Minireviews
Copyright ©The Author(s) 2025.
World J Diabetes. Jul 15, 2025; 16(7): 107673
Published online Jul 15, 2025. doi: 10.4239/wjd.v16.i7.107673
Figure 1
Figure 1 Relationship between extra-renal urate transporter-1 and diabetes mellitus. This figure illustrates the relationship between extra-renal urate transporter-1 (URAT1) and diabetes mellitus. Uric acid (UA) enters macrophages via URAT1, inducing pro-inflammatory polarization – a process suppressed by probenecid, which reduces chronic inflammation in diabetes. Diabetes mellitus upregulates URAT1 expression on erythrocyte membranes. A high-fat diet induces cardiac metabolic dysfunction and insulin resistance, which are mitigated by dotinurad through reduction of oxidative stress and inflammation. Dotinurad also reverses high-fat diet-driven URAT1 upregulation in white adipose tissue, alleviates insulin resistance, promotes white adipose tissue browning, and improves hepatic injury/insulin sensitivity.
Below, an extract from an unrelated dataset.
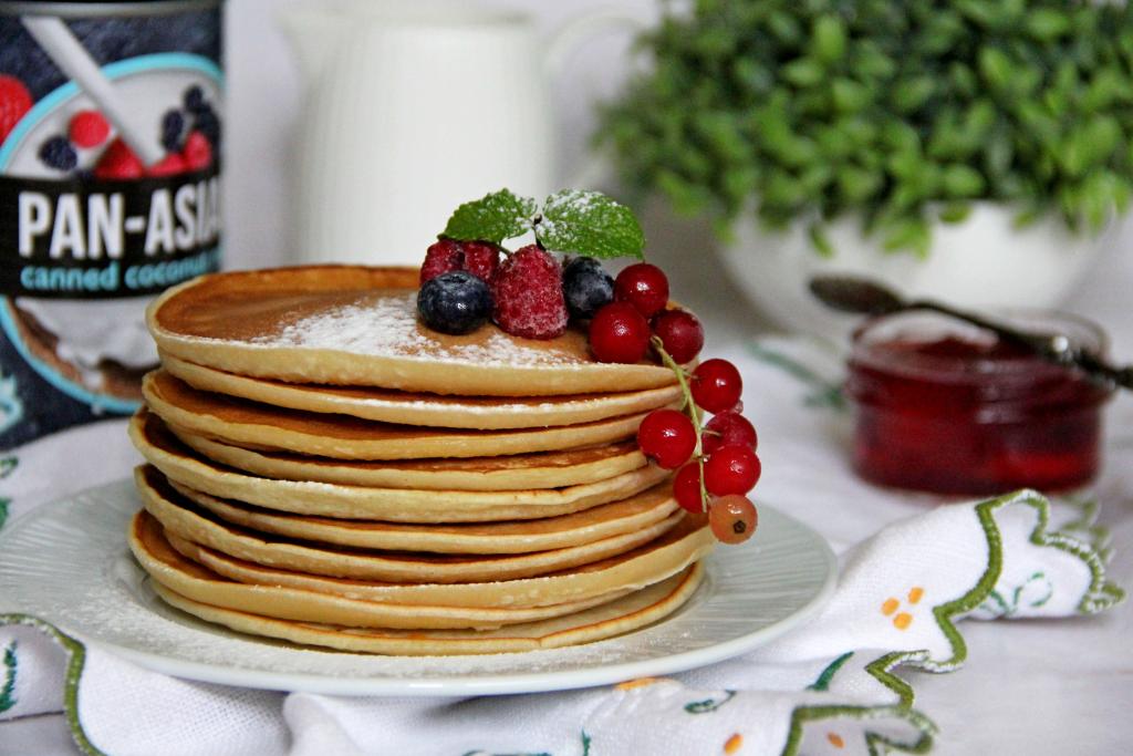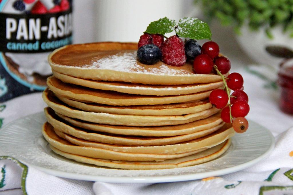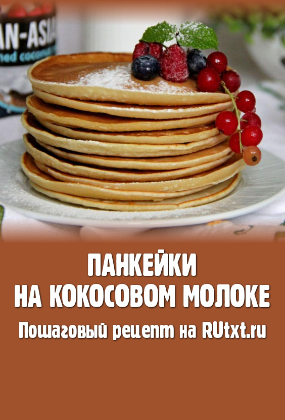 Аппетитные, нежные панкейки, замешанные на кокосовом молоке, к столу подать, дополнив вареньем, мёдом или растопленным сливочным маслом.

Additionally, uric acid inhibits endothelial phosphorylated protein kinase B/phosphorylated endothelial nitric oxide synthase, effects that are counteracted by probenecid, thereby restoring endothelial function and preventing diabetic complications. DM: Diabetes mellitus; URAT1: Urate transporter 1; WAT: White adipose tissue; BAT: Brown adipose tissue; UA: Uric acid; p-AKT: Phosphorylated protein kinase B; p-eNOS: Phosphorylated endothelial nitric oxide synthase; ROS: Reactive oxygen species; TNF-α: Tumor necrosis factor-α; IL-1β: Interleukin-1β; UCP1: Uncoupling protein 1; PGC1α: Coactivator 1-alpha; ALT: Alanine aminotransferase; CCL2: Chemokine ligand 2.